Fatal investment belief 7: superstitious market inevitability. I know what will happen in the future, and the market will definitely prove me right.

The most successful investors in the world, represented by Buffett and Soros, will not enter the market with dogmatic ideas, and their way of thinking and investment habits are diametrically opposed to the traditional wisdom of Wall Street:

They don't make diversified investments. When they buy, they always buy as much as possible;

They will tell you that their success has nothing to do with predicting the future trend of the market or economy;

What they value is not the expected profit.

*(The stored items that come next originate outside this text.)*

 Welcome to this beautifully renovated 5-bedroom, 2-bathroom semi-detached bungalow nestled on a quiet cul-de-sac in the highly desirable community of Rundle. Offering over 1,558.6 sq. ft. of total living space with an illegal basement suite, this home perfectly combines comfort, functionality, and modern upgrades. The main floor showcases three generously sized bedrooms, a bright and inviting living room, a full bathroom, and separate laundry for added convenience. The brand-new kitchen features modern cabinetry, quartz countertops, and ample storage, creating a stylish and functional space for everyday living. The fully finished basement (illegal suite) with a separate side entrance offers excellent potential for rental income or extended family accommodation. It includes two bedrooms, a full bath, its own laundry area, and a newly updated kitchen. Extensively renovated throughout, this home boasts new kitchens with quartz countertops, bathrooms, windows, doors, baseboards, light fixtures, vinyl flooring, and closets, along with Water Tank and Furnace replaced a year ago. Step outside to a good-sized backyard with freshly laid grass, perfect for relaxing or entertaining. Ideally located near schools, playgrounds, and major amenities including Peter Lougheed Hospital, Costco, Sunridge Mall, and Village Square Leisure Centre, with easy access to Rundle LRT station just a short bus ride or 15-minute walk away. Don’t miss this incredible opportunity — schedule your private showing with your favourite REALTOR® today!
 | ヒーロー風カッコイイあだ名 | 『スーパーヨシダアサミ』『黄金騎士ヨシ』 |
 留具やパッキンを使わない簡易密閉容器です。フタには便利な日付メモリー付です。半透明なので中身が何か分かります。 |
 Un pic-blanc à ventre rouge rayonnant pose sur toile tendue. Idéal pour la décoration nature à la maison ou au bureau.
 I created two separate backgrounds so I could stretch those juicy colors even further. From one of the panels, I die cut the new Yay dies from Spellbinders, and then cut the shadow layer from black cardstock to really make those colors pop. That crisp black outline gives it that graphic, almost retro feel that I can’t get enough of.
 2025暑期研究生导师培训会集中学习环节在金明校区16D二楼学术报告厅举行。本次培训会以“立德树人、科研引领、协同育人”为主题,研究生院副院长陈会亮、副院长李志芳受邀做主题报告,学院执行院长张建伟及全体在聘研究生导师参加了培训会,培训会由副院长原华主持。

In fact, they don't invest for money at all;

They don't believe that they can make big money only by taking big risks. In fact, what they value more is not losing money or making money.

Their views on the nature of the market are strikingly similar-they all laugh at academic theories such as efficient market hypothesis and random walk;

They never read the research reports written by Wall Street. They don't care what others think.

Mark? In this book, Thiel believes that the success of investment depends on your way of thinking and investment habits. Guide Warren through analysis? Buffett and George? Soros's winning investment habit is brilliant, mark? Thiel revealed the common investment habits of all successful investors. And every winning habit is very simple, so you can learn by yourself easily.

Are you imagining Warren? Is Buffett looking for bargains in the stock market, or is he like George? It doesn't matter if Soros does currency futures trading like that. As long as you adopt Warren? Buffett and George? With Soros's winning investment habit, you can create unimaginable achievements and make more money more easily.